In trying to establish error, the claimant would need to show that not one of the medical reports relied on by the commissioner supports his finding that she reached maximum medical improvement. However, Dr. Sella’s report of November 3, 1993 specifically states that the claimant’s condition was best described by a sentence in the AMA Guides to the Evaluation of Permanent Impairment that referred to soft tissue lesions as “unoperated on, stable, with medically documented injury, pain, rigidity, associated with none or minimal degenerative changes on structural tests . . . ,” and assigned a permanent impairment for that condition. (Claimant’s Exhibit B.)
Even though Dr. Sella also refers in that same report to the claimant’s need for several more trigger point injections, at which point she would be at maximum medical improvement, he had drawn a distinction between the original compensable injuries and the claimant’s current signs of fibromyalgia. The commissioner denied the claimant’s requested correction regarding this report, which indicates that he concluded from Dr. Sella’s report that the claimant’s compensable injury had stabilized, and that her fibromyalgia was not legally significant. Such a conclusion was not impermissible or unreasonable from that evidence, and this board may not alter the commissioner’s findings on that issue. Fair, supra; Webb v. Pfizer, Inc., 14 Conn. Workers’ Comp. Rev. Op. 69, 70-71, 1859 CRB-5-93-9 (May 12, 1995). In turn, we cannot say that the commissioner acted unreasonably in failing to open the voluntary agreement.

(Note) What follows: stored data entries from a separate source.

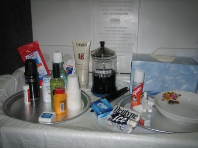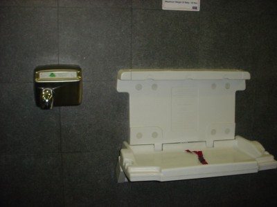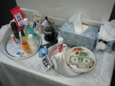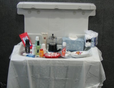 When the first wave of authority moved along we pounced. The various “agents” sprung into action and together we rigged the restroom with a camera and set up all of our attendant tools and goods on the diaper-changing table. In 3 minutes we were up and running and “open for business”.
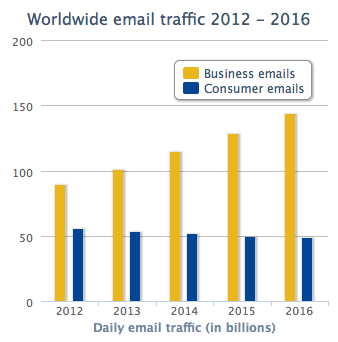 “Devemos mesmo esperar grandes mudanças no modo como nos comunicamos? Empresa projeta que o número de e-mails de negócios vai aumentar 13% ao ano de agora até 2016.“
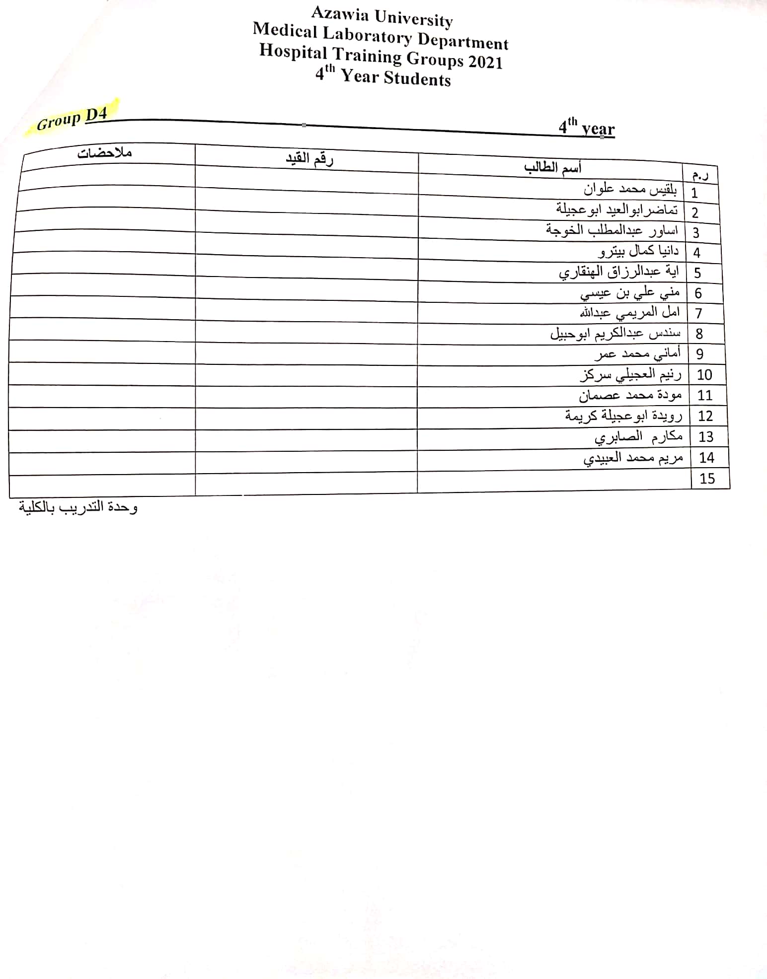 قوائم مجموعات تدريب المستشفى للسنة الرابعة بقسم المختبرات الطبية

The claimant also argues that the commissioner erred in determining that her base compensation rate of $333.33 was correct. She provides little explanation for this contention, simply claiming that her rate should have been modified to reflect her salary at the time of injury, which was $741 per week. As the respondents point out in their brief, however, the amount of money that the claimant is currently earning as a part-time secretary is not the only possible evidence of her earning capacity under § 31-308a, even if it is acceptable evidence of that figure. See Genovesi v. Choice Designs, Inc., 13 Conn. Workers’ Comp. Rev. Op. 218, 221, 1745 CRB-5-93-6 (April 12, 1995). Without some concrete evidence that the commissioner relied on an erroneous figure, we have no basis on which to question his decision not to recalculate the claimant’s compensation rate.
Finally, the claimant requests that this board order the respondents to pay for several treatments ordered by Dr. Murphy. There is no dispute that this issue has not yet been discussed at an informal or formal hearing. Therefore, it is not yet ripe for review.
The trial commissioner’s decision is affirmed.
Commissioners George A. Waldron and Robin L. Wilson concur.